Since stimulation of macrophages with LPS consequently induces the production of pro-inflammatory cytokines, including TNF-α and IL-6, the anti-inflammatory effects of MEC on cytokine production were evaluated in LPS-stimulated macrophages. As shown in Fig. 3A and B, LPS-stimulated RAW 264.7 macrophages produced large quantities of TNF-α and IL-6. Notably, MEC treatment reduced the LPS-stimulated production of IL-6 in a dose-dependent manner but did not affect the production of TNF-α. Furthermore, the LPS-induced increase in IL-6 mRNA expression was also markedly inhibited by MEC treatment, whereas the mRNA level of TNF-α was not affected (Fig. 3C and D). These results indicated that MEC selectively regulated the production of IL-6 by inhibiting IL-6 mRNA expression.

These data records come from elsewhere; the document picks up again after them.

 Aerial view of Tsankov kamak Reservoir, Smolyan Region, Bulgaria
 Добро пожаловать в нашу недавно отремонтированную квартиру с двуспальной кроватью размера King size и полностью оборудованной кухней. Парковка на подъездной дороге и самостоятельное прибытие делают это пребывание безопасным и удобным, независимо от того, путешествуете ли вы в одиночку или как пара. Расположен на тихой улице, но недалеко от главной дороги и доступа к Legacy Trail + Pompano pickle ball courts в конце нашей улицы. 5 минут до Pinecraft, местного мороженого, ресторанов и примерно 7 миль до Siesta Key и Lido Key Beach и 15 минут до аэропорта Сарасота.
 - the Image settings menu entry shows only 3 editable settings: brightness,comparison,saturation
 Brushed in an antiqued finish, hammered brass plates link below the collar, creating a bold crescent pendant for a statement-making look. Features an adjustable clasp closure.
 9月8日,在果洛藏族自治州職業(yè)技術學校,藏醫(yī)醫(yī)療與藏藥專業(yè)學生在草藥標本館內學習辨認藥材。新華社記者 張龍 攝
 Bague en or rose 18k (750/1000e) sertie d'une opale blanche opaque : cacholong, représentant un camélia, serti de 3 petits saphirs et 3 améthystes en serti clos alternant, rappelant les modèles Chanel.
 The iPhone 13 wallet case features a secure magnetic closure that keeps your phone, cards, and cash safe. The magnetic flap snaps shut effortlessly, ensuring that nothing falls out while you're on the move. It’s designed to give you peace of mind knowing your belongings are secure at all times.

To elucidate the mechanisms underlying the anti-inflammatory effect of MEC, the activities of the inflammation-associated transcription factors, NF-κB and AP-1, were measured. HEK 293 cells transiently transfected with NF-κB or AP-1 luciferase reporter constructs were treated with PMA, either in the absence or presence of MEC and luciferase activity was determined. MEC had no apparent effect on PMA-stimulated NF-κB activity (Fig. 4A), however, the constructs were markedly stimulated by PMA and the PMA-activated AP-1 transcriptional activity was inhibited by MEC in a dose-dependent manner (Fig. 4B). To investigate this further, the effects of MEC on the LPS-induced phosphorylation of IκB and MAPKs in RAW 264.7 cells were analyzed using western blot analysis. LPS treatment markedly induced the phosphorylation of IκB and MAPKs, whereas MEC inhibited the increased phosphorylation of JNK and p38 in a dose-dependent manner. By contrast, the LPS-stimulated phosphorylation of IκB and ERK was not affected by MEC treatment (Fig. 5). The results indicated that inflammatory responses activated through MAPK signaling pathways, particularly those involving JNK and p38, are sensitive to inhibition by MEC.